Lafe Low: Absolutely. Absolutely. Karen, did you have anything you wanted to add to that?
Karen Wrege: No. I think that's a great way of approaching it. It would have been... It's interesting because even if you're worried about configuring Okta with something that you're building that's not an off-the-shelf thing, I just would really encourage you to take seriously the notion that this is a solution for that as well. Don't make the mistake that I made thinking that it's only for the ServiceNows or the Salesforce, or any of those that-
Lafe Low: All right. Now Karen, you also mentioned you're doing a lot with internal and external users. What are some of the primary considerations or things you have to keep in mind between the differences of how you manage those users?
Karen Wrege: Well, as Ted was saying, these are two different products within the platform, and the use cases are quite different from our perspective at State Department. We want one identity across State. There was a question actually on the board about whether the entire Department of State is using Okta at an enterprise level, and we are using it. Our plan is to use it at the enterprise level for cloud services. So that would be anything where a State employee is wanting to go on Office 365 to do email, so they're offsite. All of that would be through Okta. And then, of course, all the external users will eventually be going through Okta to get to the services that we provide.
Karen Wrege: So I think... I'm not the expert by any means on all the good work that my colleagues are doing in the main State Department IT shop with all the internal users, but I do know just from my own perspective that I have internal users, they are small in number, and look, the important thing for the users is not that different from the external users. They need to be able to get to the right data at the right time from any device to the extent that they can go from any device. Now depending on the level of security around the data, they may not be able to do it from any device.
Karen Wrege: But that's really what we looked at from the Department-wide vantage point is that we wanted to provide employees with easy access to the data they need at any time from anywhere. And that was sort of our tenet. That was our marching orders is, go find that and make sure that it's secure. But make it easy on the users to do their jobs and get to the data they need to do these mission critical activities.
Ted Girard: Lafe, the one thing I would add to that is the thing that's unique to the federal government is with HSPD-50... What is it? HSPD-12, PIV and CAC cards are everywhere. And that's unique to the internal users. So from an Okta perspective, when we deal with workforce, our workforce identity, we have to integrate with PIV and CAC cards. We have to take those certs and be able to integrate with that.
Ted Girard: On the external side, you typically don't issue a PIV or CAC card to an external user, but you want to have as close to that same level of security and trust. So for example, with the Navy, with their external portal, it's something called MyNavy Portal, all sailors, family members, beneficiaries, need to have access to the benefits. And in the past it was you had to go on base with a CAC card to get that, and that wasn't a user experience that was beneficial to the service members of the Navy.

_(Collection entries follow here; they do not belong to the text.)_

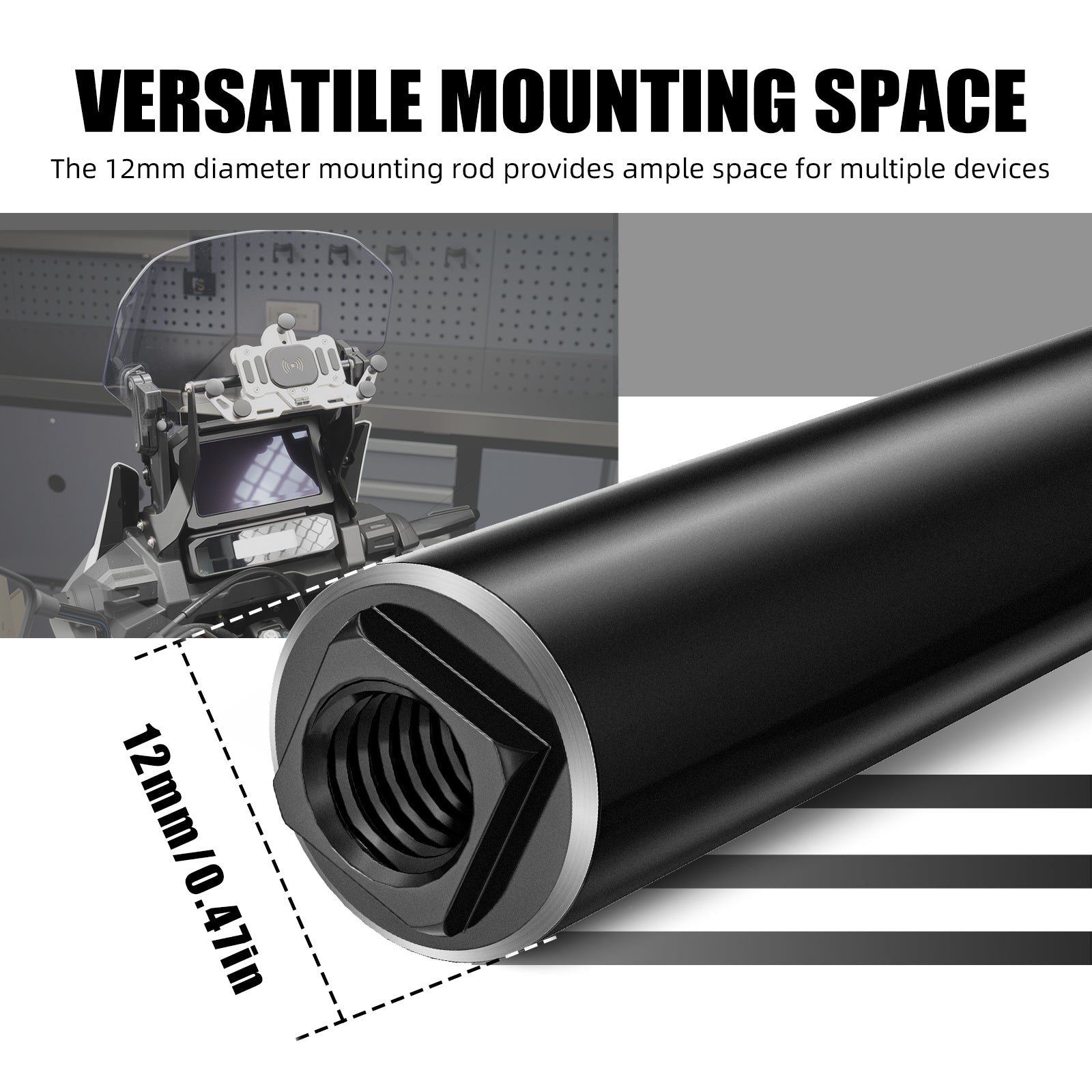 【Versatile Mounting Space】12mm rod allows multi-device installation, accommodating diverse functional needs easily.These include Garmin and QuadLock mounts, as well as most phone mounts.
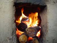 これまで、料理のときには、その都度、石を積んで枯れ木を集めて火をおこしていたのが、かまどがあるので、もう、火をおこして鍋を掛けるだけ。そして、火力も強いので、思いのほか、はやくできます。
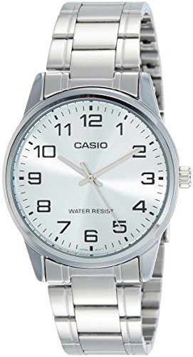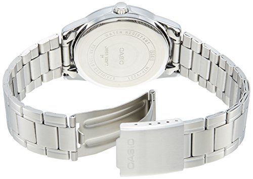Brand, Seller, or Collection Name:Casio Model number:EAW-MTP-V001D-7B Part Number:MTP-V001D-7 Model Year:2016 Item Shape:Round Dial window material type:Mineral Display Type:Analog Clasp:Fold-over-clasp Case material:Metal Case diameter:42 millimeters Case Thickness:8 millimeters Band Material:Stainless steel Band length:Men's Standard Band width:18 millimeters Band Color:Grey Dial color:Grey Calendar:No Special features:measures-seconds Movement:Quartz Movement Water resistant depth:30 Meters
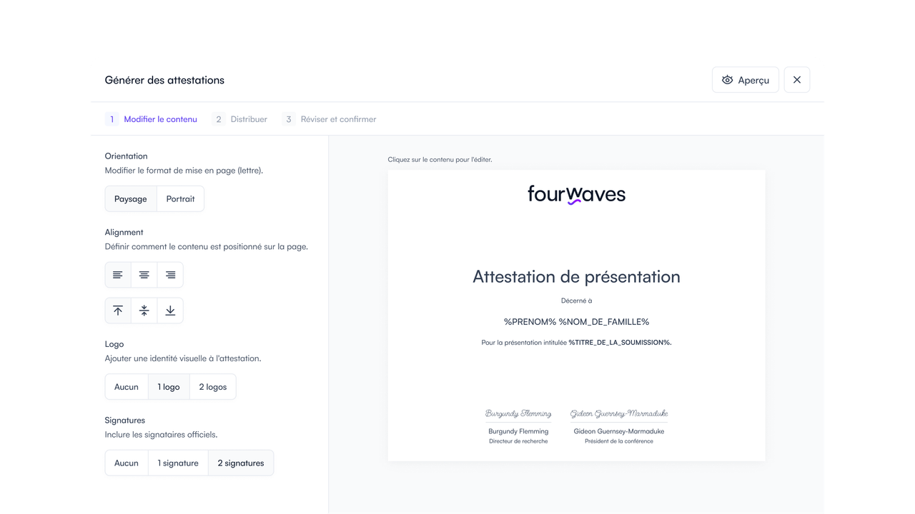 Générez des badges prêtes à imprimer et distribuez automatiquement des certificats aux participants et aux présentateurs.
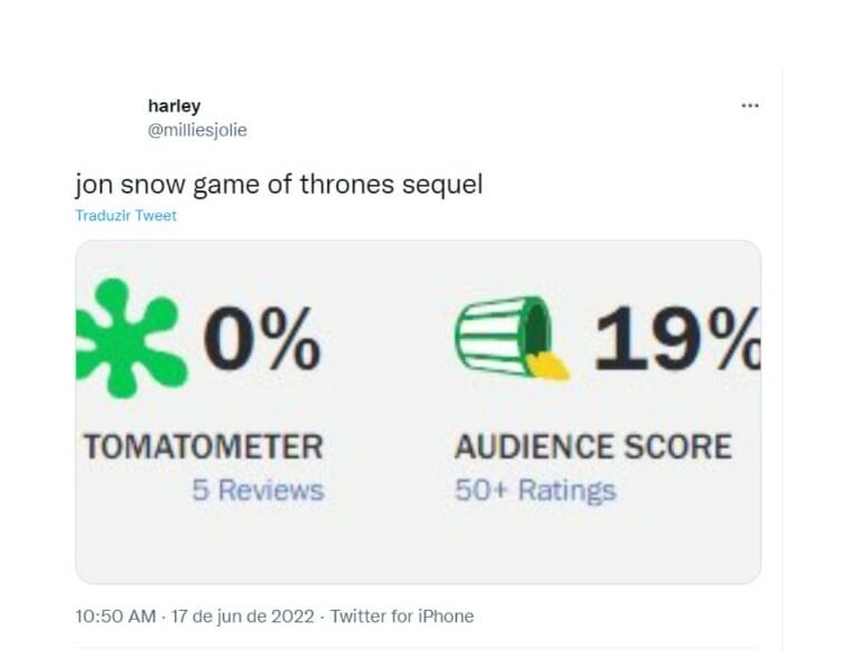 “Sequência de Jon Snow de Game of Thrones”, previu a fã, com uma nota falsa no Rotten Tomatoes.
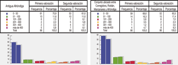 En el caso del conjunto de edificaciones ubicado entre las calles Corregidora, Roldán, Manzanares y Alhóndiga la diferencia entre primera y segunda valoración es similar a los resultados obtenidos para la Antigua Alhóndiga. Del 68,6% de personas que habían indicado que su posible aporte se encontraba entre los 0 y $50 pesos mexicanos por año, cambia al 60,5% y junto con las personas que la asignación de valor en el rango entre 201 y 300 pesos por año -del 3,5% al 2,3% del total de encuestados- son las únicas valoraciones con tendencia a la baja; las demás tienden a incrementarse luego de realizar la explicación, lo que indica que una parte de los encuestados -el 16,3% del total de encuestados- asigna un mayor valor al grupo de edificaciones como consecuencia de la información que reciben (Ver Gráfico 1).
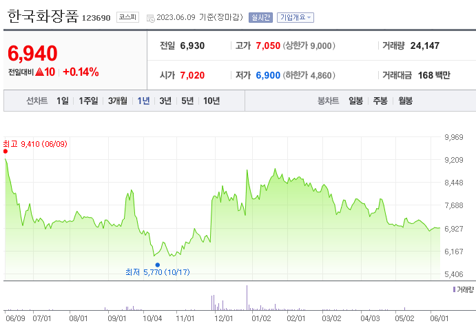한국화장품 현재 주가는 6,940원이며 전일 대비 -10원의 모습을 보이고 있습니다. 한국화장품의 주주현황을 살펴보면 한국화장품제조(외 11인)가 지분 52.94%를 소유하고 있습니다. 한국화장 품는 개인생활용품 기업으로 장중 기준으로 주가는 6,940원입니다. 한국화장품의 시가 총액은 1114억 원이며 발행 주식수는 0.68주입니다.
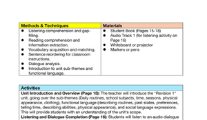 Çeşitli Yöntemler ve Materyaller (Methods & Techniques & Materials): Dinleme, okuma, kelime bilgisi, cümle tamamlama ve yeniden düzenleme gibi farklı öğrenme tekniklerini içeren, ders kitabı, ses kaydı, beyaz tahta gibi materyallerle desteklenmiş bir yapı. 📚
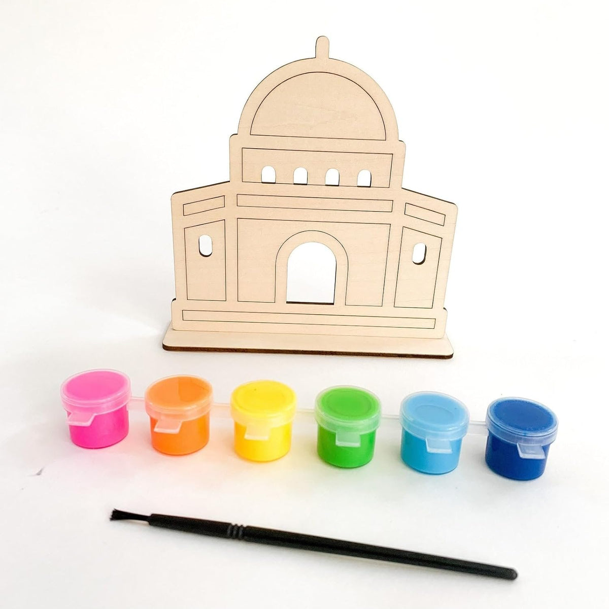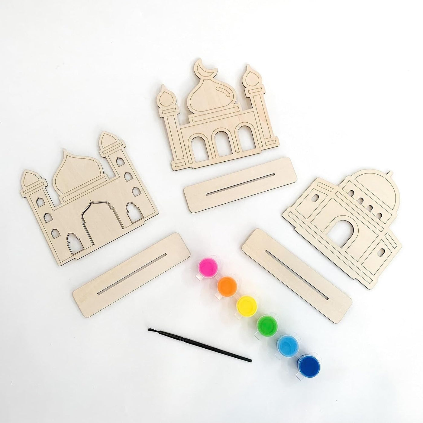 Ramadan & Eid Islamic Activity for Kids | Ramadan Wooden Decoration Mosque Wood Puzzle Craft Set with Paints | Eid & Ramadan Gift
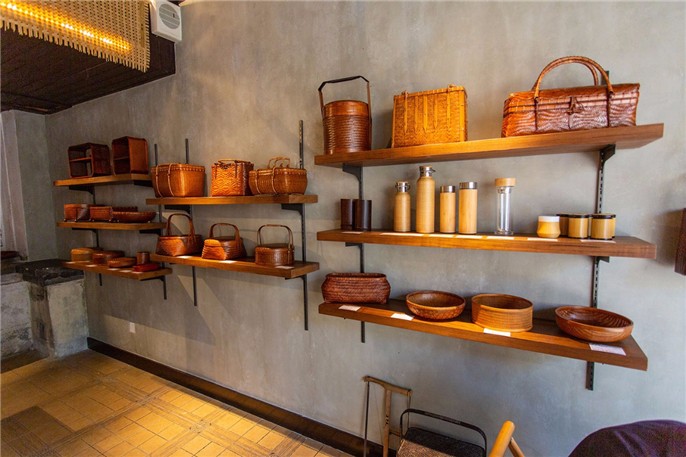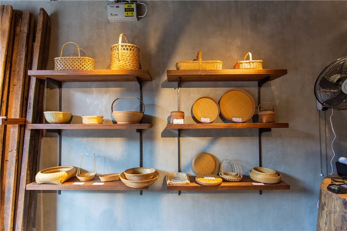 升級過后的烏鎮竹編店鋪,增加了更多竹器作品,仍舊是熟悉的傳統手作感,但在氛圍觀感上卻顯得舒適許多。江南人家曾經多次使用的各類竹器用品,即是售賣的物件,也是一個“竹器博物館”。
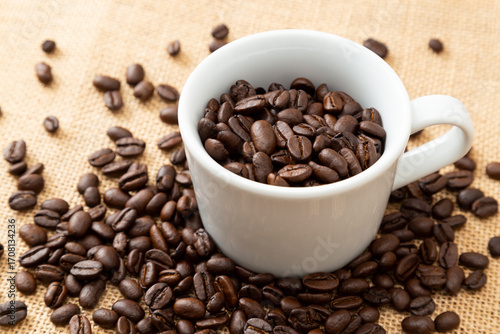 コーヒーカップとコーヒー豆
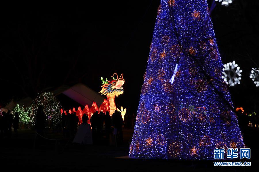 12月30日,在美国纽约斯塔滕岛举行的冬季花灯节上,巨龙与圣诞树造型的花灯遥相辉映。新华社记者王迎摄
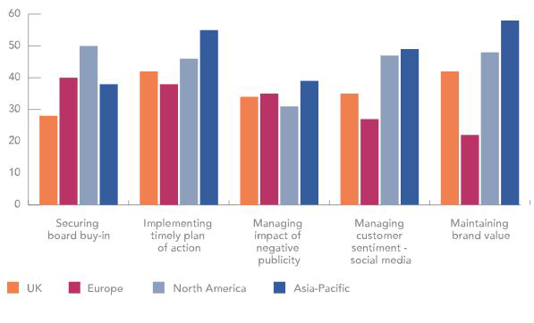 Businesses we spoke to were divided regarding the most significant challenges they face when dealing with brand or reputation risk. Managing the logistical challenges – securing board buy-in and implementing a timely plan of action – were two of the highest ranked priorities. But maintaining brand value was narrowly the top concern globally, with sentiment particularly marked in Asia Pacific and North America.
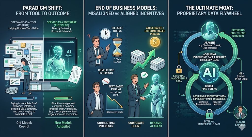 当你只是一家SaaS软件公司时,你的系统里流淌的只是用户在界面上的点击日志。但当你像Crosby一样,作为一家服务机构直接接管客户的合同谈判;或者像各种AI财税机构一样,直接为企业处理账目时,你将接触到基础大模型(Foundation Models)在公共互联网上永远无法抓取到的核心机密数据与行业暗知识。
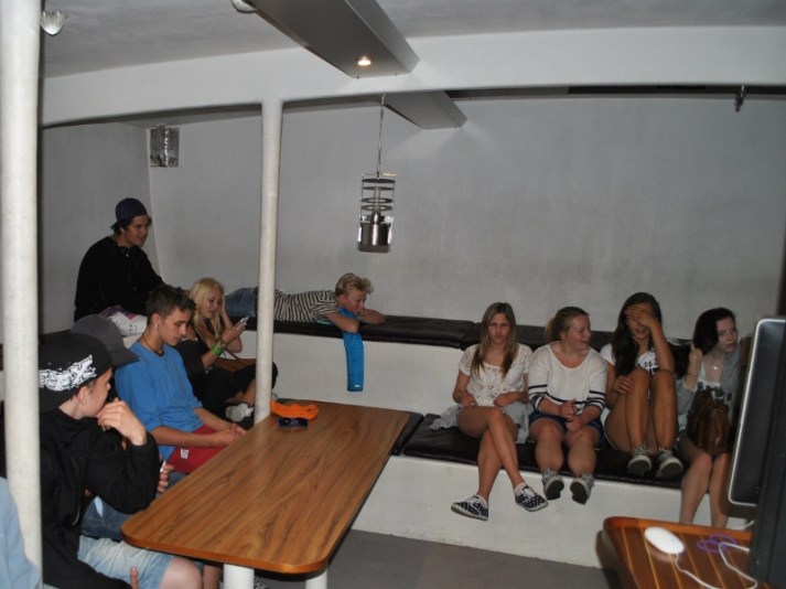 Eftersom vädret var så dåligt samlades alla i salongen där besättningen höll genomgång om regler osv.
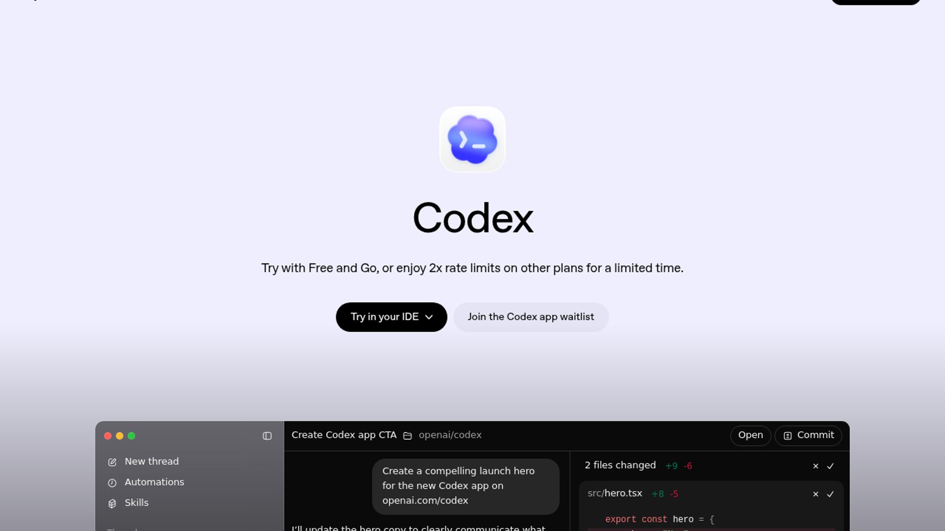 OpenAI is including Codex with ChatGPT Free and Go for a limited time while doubling rate limits on Plus, Pro, Business, Enterprise, and Edu plans. The change spans the app, CLI, IDE extension, and cloud, making Codex easier to work into everyday developer workflows.
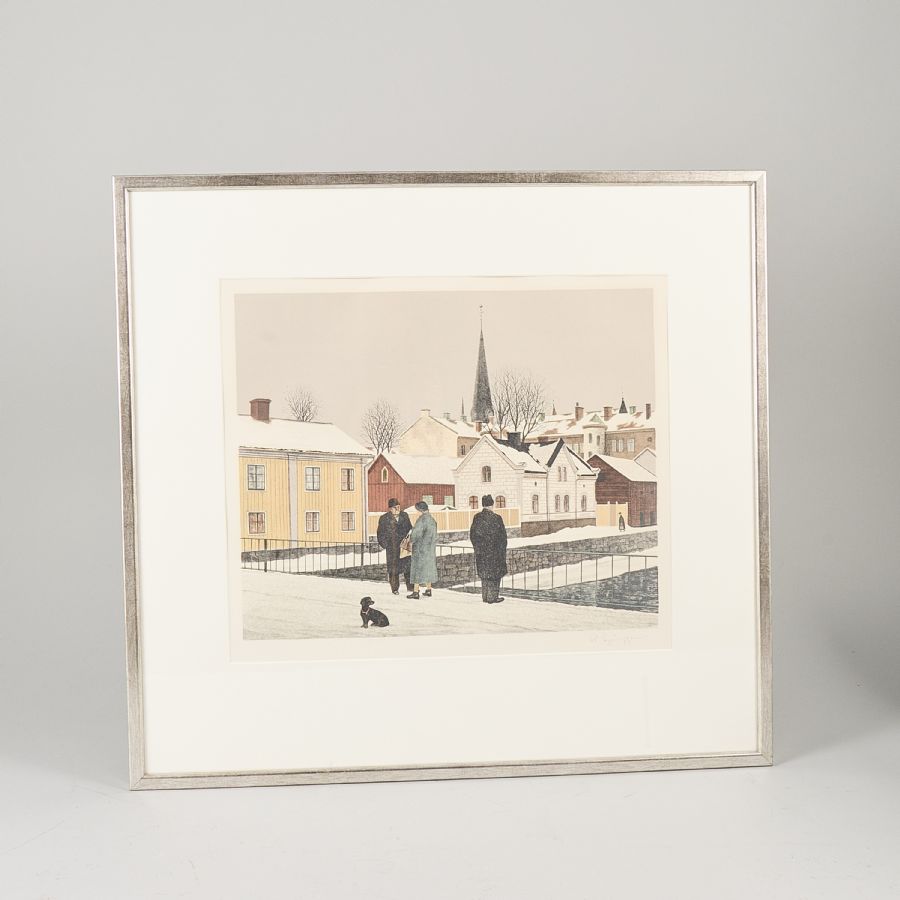 Litografi, Vinterscen från Arboga. Signerad, bildmått: 30x37, yttermått inklusive ram: 54x57 cm
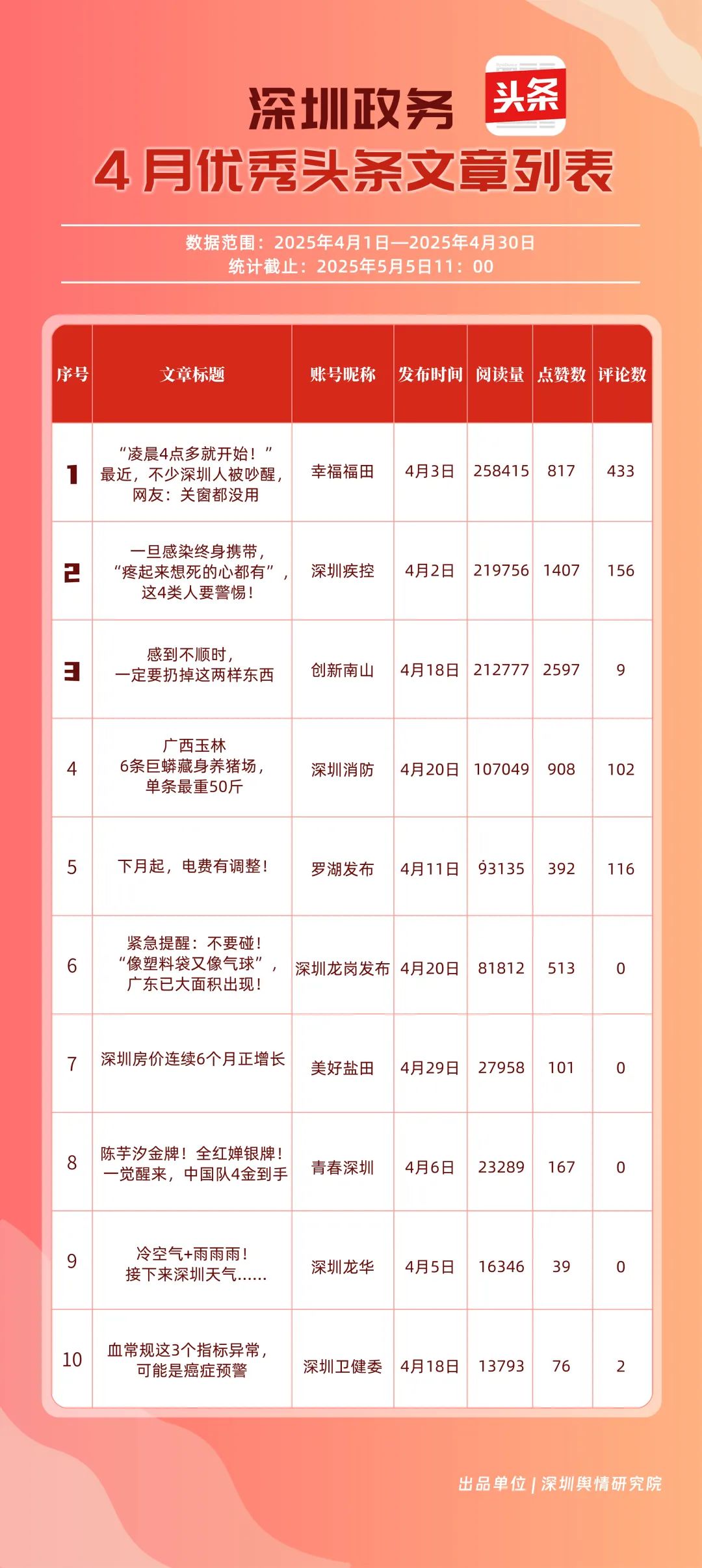 4月,“幸福福田”“深圳疾控”“創(chuàng)新南山”“深圳消防”“羅湖發(fā)布”“深圳龍崗發(fā)布”“坪山發(fā)布”“深圳龍華”“青春深圳”“濱海寶安”共10個政務頭條號入選“優(yōu)秀政務頭條號”榜單?!靶腋8L铩毖永m(xù)上月的優(yōu)異表現(xiàn),以優(yōu)質的內容輸出和穩(wěn)定的用戶互動,位列榜單首位,成為政務頭條號的標桿;“深圳疾控”則以92.39分的亮眼成績排在榜單第二位,凸顯了政務新媒體在公共衛(wèi)生領域的傳播成果;“創(chuàng)新南山”“深圳消防”“羅湖發(fā)布”緊隨其后,分別在城區(qū)形象宣傳、消防安全領域等方面深耕細作,持續(xù)擴大政務信息的覆蓋面與影響力。
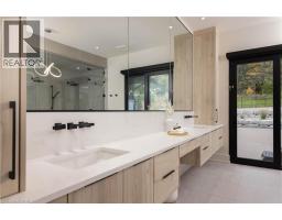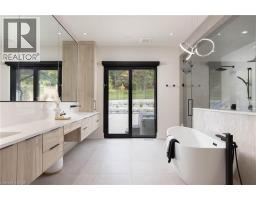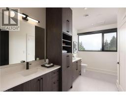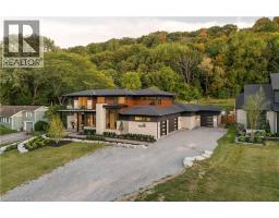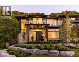 Nestled in the heart of Niagara-on-the-Lake, 2005 York Road is a one-of-a-kind, Portofino-inspired bungaloft offering over 7,500 square feet of luxurious living space. This exquisite residence features oversized garages, 4 bedrooms, 4 bathrooms, and the utmost privacy, backing onto the protected greenspace of the Niagara Escarpment. Seamlessly blending timeless European elegance with contemporary design and cutting-edge smart home technology, the home's open-concept layout showcases soaring ceilings, an expansive European Luxury Aluminum Window System with Premium Reynaer Window System by VIIU, and exceptional craftsmanship throughout. The chef's kitchen serves as the true centrepiece, boasting Thermador appliances, an oversized island, quartz countertops, and custom cabinetry designed for both function and style. The main-floor primary suite occupies its own private wing, offering a serene retreat complete with a spa-inspired ensuite featuring a steam shower, heated floors, and direct access to the backyard. A striking mono-stringer staircase with glass railings leads to the upper loft, which features 2 additional bedrooms, a flex space, a bathroom, a secondary laundry area, and an outdoor balcony with sweeping views of the surrounding landscape. The lower level provides a full walkout to the backyard, expanding the living and future theatre room. Every detail has been meticulously curated, from in-floor heated bathrooms, power shades, a Generac backup generator and a flat roof featuring heat tracers. The professionally landscaped grounds create a private resort-like oasis, complete with an inground pool, hot tub, covered patio with an outdoor kitchen and outdoor gas fireplace. Designed with both comfort and sophistication in mind, this remarkable residence embodies the pinnacle of modern luxury living in one of Niagara-on-the-Lake's most sought-after locations. (id:50886)
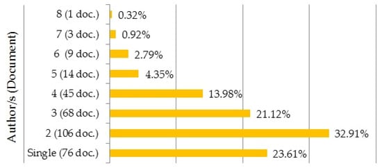 When the research is handled with author collaborations (Figure 9), the degree of cooperation is observed at 76.39%. In this high researcher collaboration, 32.90% have two authors. For this reason, it seems that works are mostly handled by two authors.

Ted Girard: So Okta can deliver really secure external multi-factor type capabilities to external users, while simultaneously on the inside, accept the most secure factor which is a PIV and CAC card that has the cert on it. So what Karen said, the use cases are totally different. You need a platform that can be able to work both.
Lafe Low: That can handle both, absolutely. Now before we move into the audience Q&A, do you have any final thoughts? Any final bits of advice for agencies that are interested in increasing their identity management faster?
Karen Wrege: Ted, do you have anything?
Ted Girard: It would be really self serving-
Lafe Low: We covered a lot of stuff here.
Ted Girard: My only advice and my only recommendation would be agencies are modernizing. They need to consider modernizing their identity infrastructure as well. They're going to come to that conclusion at some point-
Lafe Low: Got to be part of it.
Ted Girard: It's going to be part of it. When you're modernizing, think about modernizing identity and access management because that's an important component of your effort, and you'll figure it out sooner or later.
Lafe Low: Absolutely.
Karen Wrege: And that's actually really great because of the sooner rather than the later, right? Because it's like anything else. You want to bake in your security. You want to bake in your identity management and access controls, and so I think that's great advice, Ted, because that's the piece that didn't work out exactly the way I, in retrospect, would have hoped.
Ted Girard: I think you've taught some people. The Office of Comptroller Currency just released a five-year contract to modernize eight major mission systems for OCC.
Lafe Low: Oh wow.
Ted Girard: First task order... Was won by Unisys. First task order was to do identity. They're going to do identity before they start the first eight mission systems, which is-
Lafe Low: All right. Good level of priority there, for sure.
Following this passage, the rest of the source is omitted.